I was driving today and saw this snake dead on the side of the road.  He was a very bright copper color and about 6 feet long.  He was so bright he almost looked pinkish white in the sunlight.  I have never seen a coach whip before, and I have spent my entire life hunting and fishing in central and south Georgia, so I know they cannot be common.  Is that what this is?


----------



## Nicodemus (Sep 13, 2018)

It`s a coachwhip, and a fair sized one. Shame it got killed.


----------



## FOLES55 (Sep 13, 2018)

Nic, took the words from my mouth.


----------



## Nicodemus (Sep 13, 2018)

FOLES55 said:


> Nic, took the words from my mouth.




I don`t see near as many of them nowadays as i did when I was a youngun. They used to be everywhere back then.


----------



## SemperFiDawg (Sep 13, 2018)

It was a shame it got run over.  It was so brightly copper colored it almost had a pink rainbow sheen to it.  I've never seen a snake that shiny.  Without a doubt the prettiest color on a snake I've ever seen.  The pictures don't it justice.


----------



## oppthepop (Sep 14, 2018)

Wow - Haven't seen one in YEARS. Too bad he got killed. About as rare as a blue indigo.


----------



## southernman13 (Sep 15, 2018)

I see them crossing roads acting just saw one last week. Last year I had a big one cross behind my vehicle over off New York ave in leesburg. The dude behind me swerved just so he could run it over. Man that really angered me. Wanted to wreck him. That’s one cool snake


----------



## NCHillbilly (Sep 15, 2018)

I've never saw one, cool snakes.


----------



## Miguel Cervantes (Sep 15, 2018)

They don't mind lettin you know they're boss either. Never been intimidated by a snake. Have a healthy respect for all of them, but the first coachwhip I ever saw was a biggun and he stood his ground with little reservation of who it belonged to. Great snakes.


----------



## KyDawg (Sep 15, 2018)

I did not realize it until I looked it up, but according Wikepedia, the longest Coachwhip on record is 102".  That is 8 and a half foot long.


----------



## Nicodemus (Sep 15, 2018)

KyDawg said:


> I did not realize it until I looked it up, but according Wikepedia, the longest Coachwhip on record is 102".  That is 8 and a half foot long.

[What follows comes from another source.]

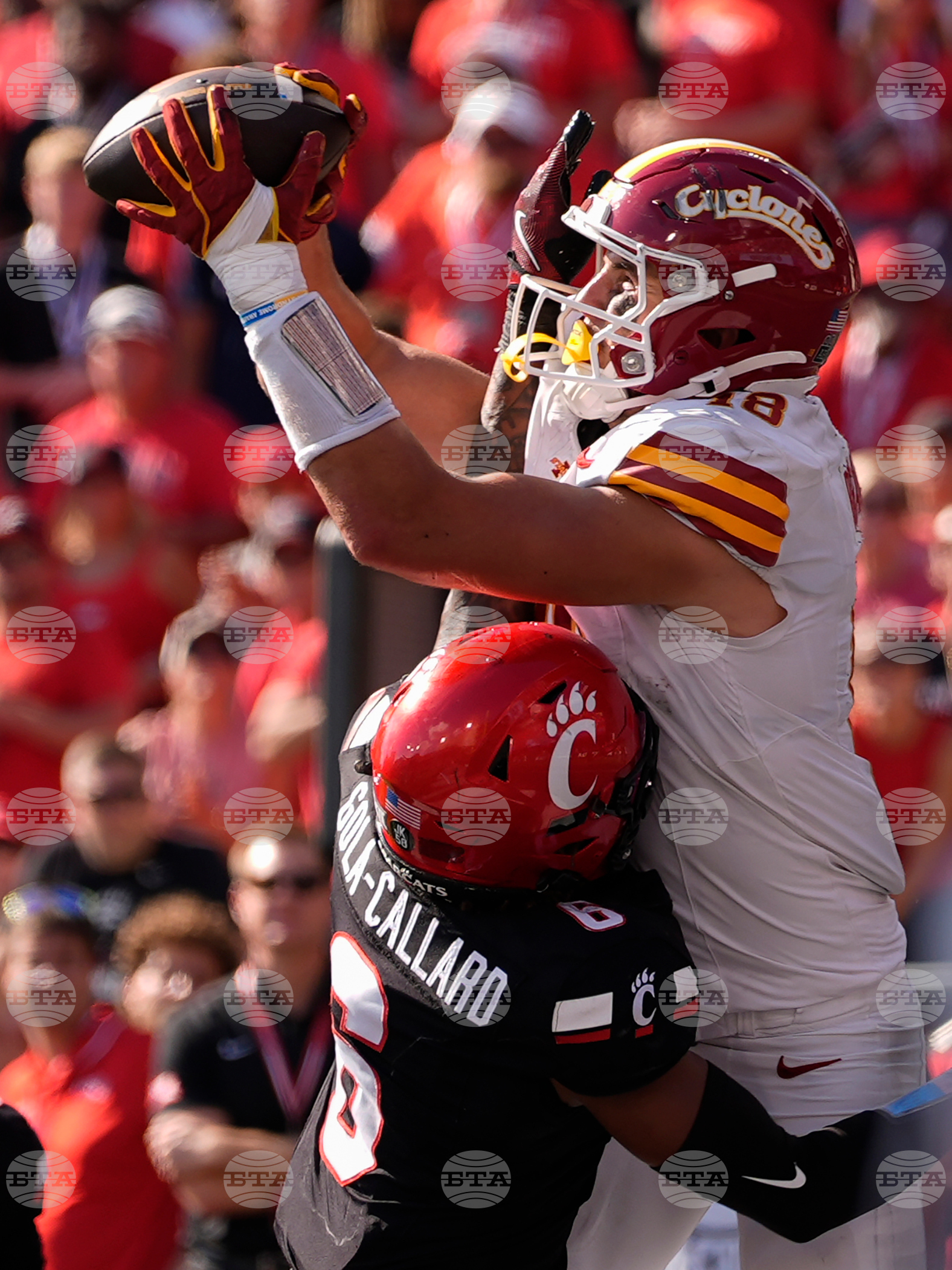 Iowa State tight end Benjamin Brahmer (18) catches a two-point conversion over Cincinnati defensive back Tre Gola-Callard (6) during the second half of an NCAA college football game, Saturday, Oct. 4, 2025, in Cincinnati. (AP Photo/Carolyn Kaster)

I caught one back in 1996 that was real close to that length. That rascal was a handful too. Took two of us to stretch it and one to measure.


----------



## Old Crusty (Sep 15, 2018)

I've seen several coachwips where we hunt over in the Columbus area. They are definitely an aggressive snake. First one I ever saw zipped across the road in front of Dad and I like a flash. We stopped and followed it into the pines to see what it was. We found it at the base of a pine tree, as soon as it saw us it came right at us and we both went airborne. Zipped under us and back across the road again. Cool snake.


----------



## SemperFiDawg (Sep 17, 2018)

My Grandmother used to tell me of them.  Said they would run you down, wrap you up and whip you with their tail.


----------



## JonathanG2013 (Sep 17, 2018)

SemperFiDawg said:


> My Grandmother used to tell me of them.  Said they would run you down, wrap you up and whip you with their tail.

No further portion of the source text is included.